Gitlin: Triggering Can Be Good For You, Kids

Todd ‘The Sixties’ Gitlin, a quintessential silver ponytail, is the latest in what is becoming a new slice of niche journalism: Leftist Jews, now under assault by the very political correctness they unleashed, beginning to question said political correctness now that its strictures are getting uncomfortably close to home. Gitlin’s piece in Tablet is titled “Please Be Disturbed: Triggering Can Be Good for You, Kids“:

Which brings me to the subject of “trigger warnings.” This term does not refer to apprehension about the prospect of guns brought onto campus. It has to do with the subject matter and tenor of texts and films thought, rightly or wrongly, to be frightening. It’s argued that students who’ve been sexually assaulted are particularly vulnerable to flashbacks from unhealed traumas. At Columbia, students read Ovid’s Metamorphoses in the required Literature Humanities course (known familiarly as Lit Hum), which runs through the first year of the College’s Core Curriculum. Last year, one student advocate of trigger warnings scoured the entire Lit Hum syllabus and counted “80 instances of assault” in Ovid alone. There are rapes, there are more rapes, and there are attempted rapes. Partly to protect the vulnerable and partly on ideological principle, trigger-warning advocates want to mandate advance alerts in class. Teachers should be required to signal beforehand—Caution: Rapes Ahead…
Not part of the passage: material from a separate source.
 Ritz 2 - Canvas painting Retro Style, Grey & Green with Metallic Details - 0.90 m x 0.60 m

There’s another way of looking at the annals of slaughter and rape that thread through the history of civilization—this civilization or any other. It is this: A record of civilization that lacks such accounts is a lie. “There is no document of civilization,” wrote Walter Benjamin, “which is not at the same time a document of barbarism.” Universities are not fallout shelters. (Once again, Kant: Dare to know!) Brutalities cry for attention. Attention to the appalling causes disturbance. Deal with it. You’re at school to be disturbed. Universities are very much in the business of trying to get you to rethink why you believe what you believe and whether you have grounds for believing it…
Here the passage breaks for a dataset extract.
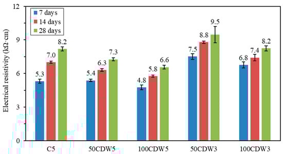 Moreover, the electrical resistivity value of the concrete prepared with a water/cement ratio of 0.3 surpassed that of mixtures with a ratio of 0.5. For instance, there was a notable increase of 30% and 24% in the electrical resistivity value for concrete containing 50% and 100% CDW, respectively, after curing for 28 days. This observation is corroborated by Figure 7, which illustrates that concrete with a water/cement ratio of 0.5 tends to exhibit higher porosity.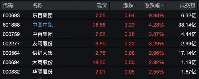 商贸零售板块亦表现强势,东百集团涨停,中国中免、中百集团、供销大集等股票跟涨。

And on this score, it’s hard to resist the thought that overwrought charges against the trigger-happy curriculum are outgrowths of fragility, or perceptions of fragility, or of fears of fragility running amok. When students are held, or hold themselves, to be just minutes away from psychic disaster, is it because they know “real” fragility is sweeping across the land? Or has there arisen a new generational norm of fragility, against which fortifications are needed? Whatever the case, angst about fragility cuts across political lines and crosses campus borders. Shall we therefore stop talking about rape, lynching, death camps? Shall we stop reading the annals of civilization, which are, among other things, annals of slaughter? I was talking the other day to a Columbia sophomore, Tony Qian, who put the point pithily: “If you’re going to live outside Plato’s cave, you’ve got to be brave.” What ever happened to, “Ye shall know the truth, and the truth shall make ye free”? Not comfortable—free.

When the primary targets of political correctness were white, Protestant, and male, the ‘fragility factor’ rebuttal didn’t exist.

Political correctness is getting stronger, more irrational and more totalitarian. Furthermore, the teleological arc of political correctness is more and more resembling the Stalinist purges of the Communist Party in the 1930s.

Gitlin and his ilk, that is, old ‘New Left’ Party apparatchiks, are now starting to wring their hands in an increasingly harmonizing unison.